As Washington focuses on the debt ceiling, there are signs that the rest of the U.S. economy is running into trouble, according to the Dow Jones Economic Sentiment Indicator. In July, the ESI dropped to 41.5 from a reading of 44 in June.
The indicator has now fallen for two consecutive months for a cumulative decline of 5.1, the worst two-month drop since the fall of 2008.
“It would be easy to blame the dip in the ESI on the U.S. debt crisis, but much of the gloom stems from Main Street rather than Washington,” says Dow Jones Newswires "Money Talks" columnist Alen Mattich. “The readings this summer have fallen enough that it seems to suggest a slide back into recession is a real risk.”
Coverage of the need to raise the national debt ceiling was a factor in the decline, but a detailed analysis shows a substantial number of reports on problems beyond the Beltway. The proposal to close 10% of post offices, disappointing corporate earnings reports and a lagging housing market are some of the themes that contributed to the darkening mood.

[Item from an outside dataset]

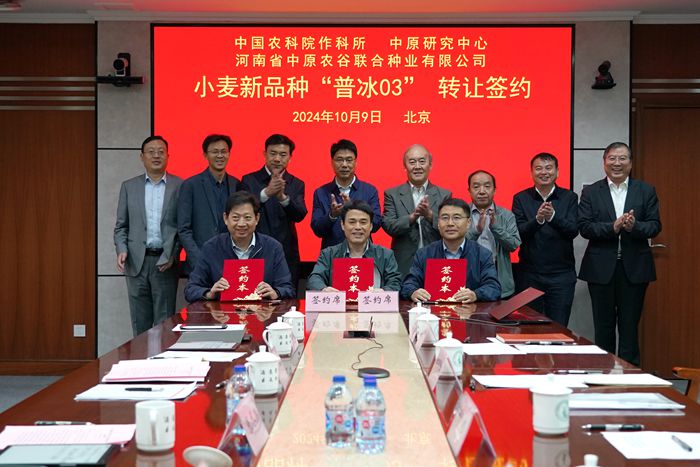 10月9日,中國農(nóng)業(yè)科學(xué)院作物科學(xué)研究所、中原研究中心與河南省中原農(nóng)谷聯(lián)合種業(yè)有限公司在京舉行小麥遠(yuǎn)緣雜交新品種“普冰03”使用權(quán)轉(zhuǎn)讓協(xié)議簽約儀式。中國農(nóng)業(yè)科學(xué)院黨組書記楊振海、中國工程院院士劉旭、中國科學(xué)院院士錢前、新鄉(xiāng)市副市長(zhǎng)劉軍偉出席會(huì)議并講話。

A persistent theme in the July was the continuing economic toll of high oil prices. When oil prices spiked last year, coverage was in some cases favorable, portraying the rise as a symptom of global and domestic economic recovery. Now coverage of higher oil prices is much gloomier, focusing on the toll it is imposing on businesses and consumers alike.
The ESI is determined by in-depth sentiment analysis of national news coverage across 15 daily newspapers. It is reported on a scale of 0 to 100; higher numbers represent increasingly positive sentiment.